After finding "Facades provide the" in the data, write out its line and all following lines without change, up to and including the last one. Leave out pictures.

● **AVAILABLE DATA**:
━━━

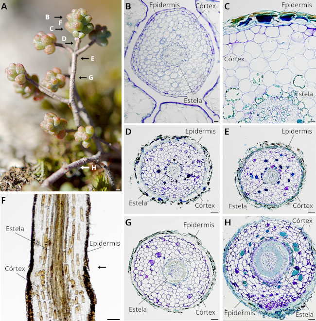 La epidermis cambia conforme nos movemos desde el extremo apical hasta niveles más basales del tallo. Inicialmente es una capa simple de células más o menos aplanadas y con una cutícula delgada (Figura 5). A unos pocos milímetros desde el ápice, y cubierta por hojas muy densamente empaquetadas, se convierte de bilaminar y luego en multilaminar a medida que nos alejamos del ápice. En los niveles medio y basales del tallo se alcanzan las 12 o más capas de células epidérmicas. En los niveles más apicales las células epidérmicas no contienen muchos pigmentos en sus citoplasma, por lo que el tallo aparece blanquecino (ver Figura 3E), pero a medida que se va volviendo estratificado las células epidérmicas contienen pigmentos, aunque no necesariamente todas las capas epidérmicas presentan células pigmentadas (Figura 5F).
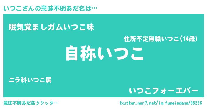 | 欧米人風あだ名 | 『ケンブリッジいつこ』『ダニエルいつこ』 |
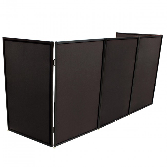 Facades provide the look of an elegant professional work area; hides cables help protect equipment and assists with managing crowd control for the DJ! The panels are strong and lightweight, easily removable for cleaning and can be interchanged for color combinations using the black and white scrims included. The scrims are machine washable! Each panel is scratch resistant aluminum, finished in all black.
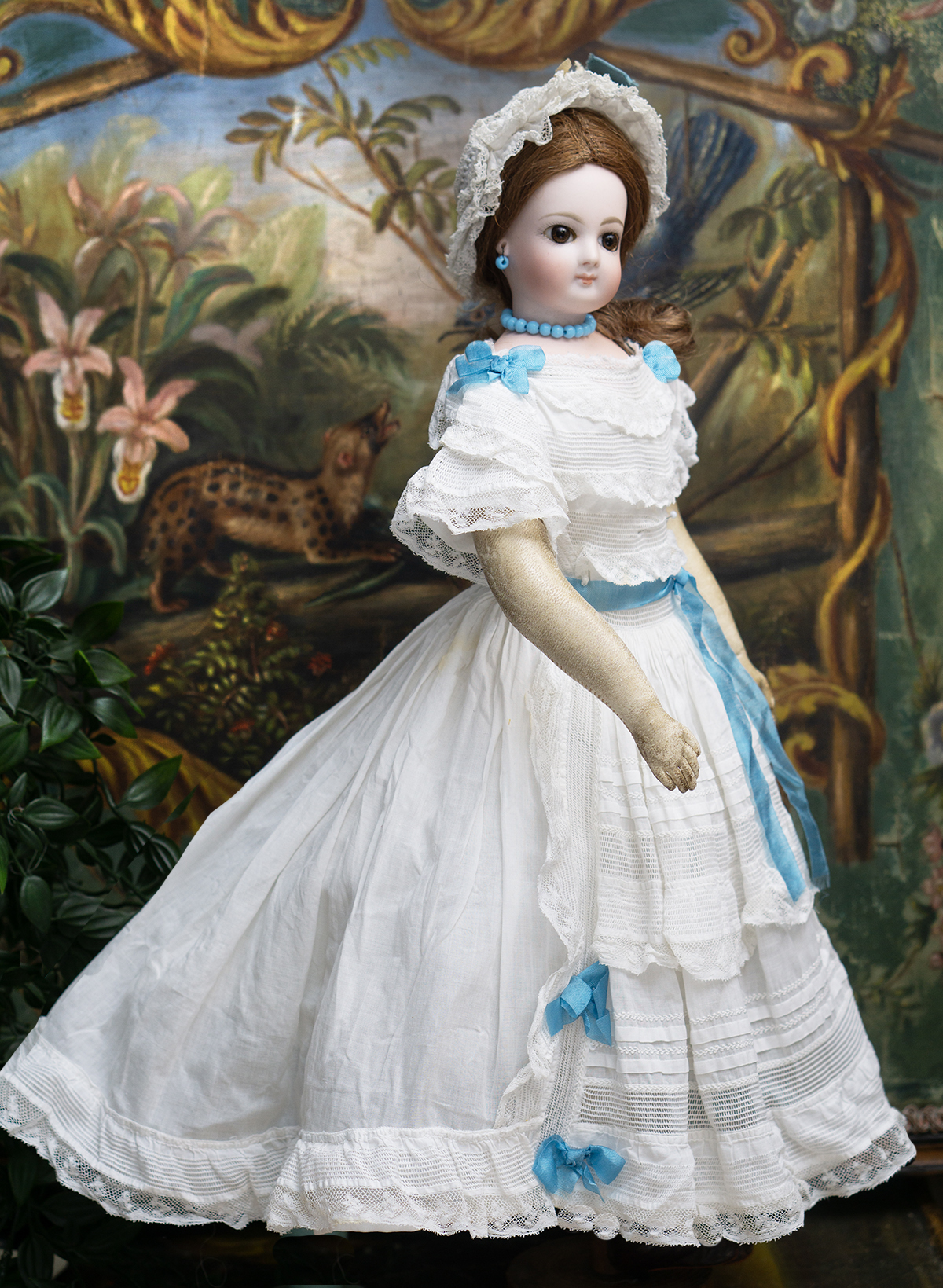 Regal brown-eyed poupee has very lovely bisque and painting, wearing lovely antique gown and bonnet. 19" (48 cm.) tall Condition: generally excellent. Marks: 7 (head and shoulders) Jumeau Medaille d'Or Paris (body). Emile Jumeau, circa 1878. International shipping coist $70.00 ------------------------------------ I DO A LAYAWAY NO STATE SALES TAX! Thanks for your visit to Respectfulbear doll shop!

━━━

● **ANSWER**:
 Facades provide the look of an elegant professional work area; hides cables help protect equipment and assists with managing crowd control for the DJ! The panels are strong and lightweight, easily removable for cleaning and can be interchanged for color combinations using the black and white scrims included. The scrims are machine washable! Each panel is scratch resistant aluminum, finished in all black.
 Regal brown-eyed poupee has very lovely bisque and painting, wearing lovely antique gown and bonnet. 19" (48 cm.) tall Condition: generally excellent. Marks: 7 (head and shoulders) Jumeau Medaille d'Or Paris (body). Emile Jumeau, circa 1878. International shipping coist $70.00 ------------------------------------ I DO A LAYAWAY NO STATE SALES TAX! Thanks for your visit to Respectfulbear doll shop!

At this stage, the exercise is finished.